Dataset items:
☆ ☆ ☆ ☆ ☆

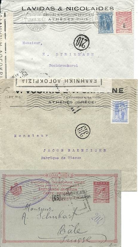 Lot1307 - ΕΛΛΑΔΑ λαχνός με 2 φακέλλους και Επιστολικό Δελτάριο ταχυδρομημένα με λογοκρισία
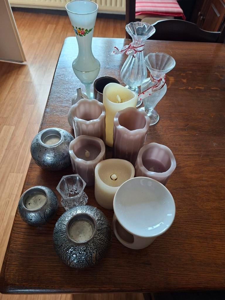 Kaarsen voor battery dus veilig,waxine houders,en leuke vaarsjes.alles samen gratis op te halen..
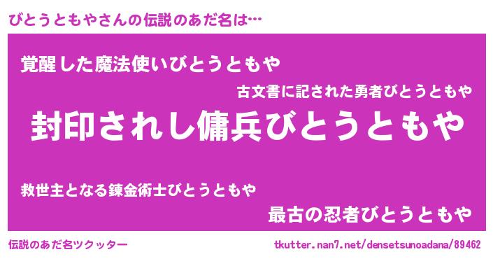 | ポケモン風あだ名 | 『ビトチュウ』『ヒビトウトモヤ』 |
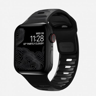 Nomad Sport Strap er støpt helt av slitesterkt LSR-silikon, et naturlig antimikrobielt og hypoallergent materiale, for å skape et mykt og komfortabelt armbånd.
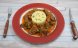 Muşchi cu cârnaciori afumaţi şi ciuperci la cuptor

☆ ☆ ☆ ☆ ☆

Directions for this task:
Restate each entry verbatim and skip every image.

Result:
 Lot1307 - ΕΛΛΑΔΑ λαχνός με 2 φακέλλους και Επιστολικό Δελτάριο ταχυδρομημένα με λογοκρισία
 Kaarsen voor battery dus veilig,waxine houders,en leuke vaarsjes.alles samen gratis op te halen..
 | ポケモン風あだ名 | 『ビトチュウ』『ヒビトウトモヤ』 |
 Nomad Sport Strap er støpt helt av slitesterkt LSR-silikon, et naturlig antimikrobielt og hypoallergent materiale, for å skape et mykt og komfortabelt armbånd.
 Muşchi cu cârnaciori afumaţi şi ciuperci la cuptor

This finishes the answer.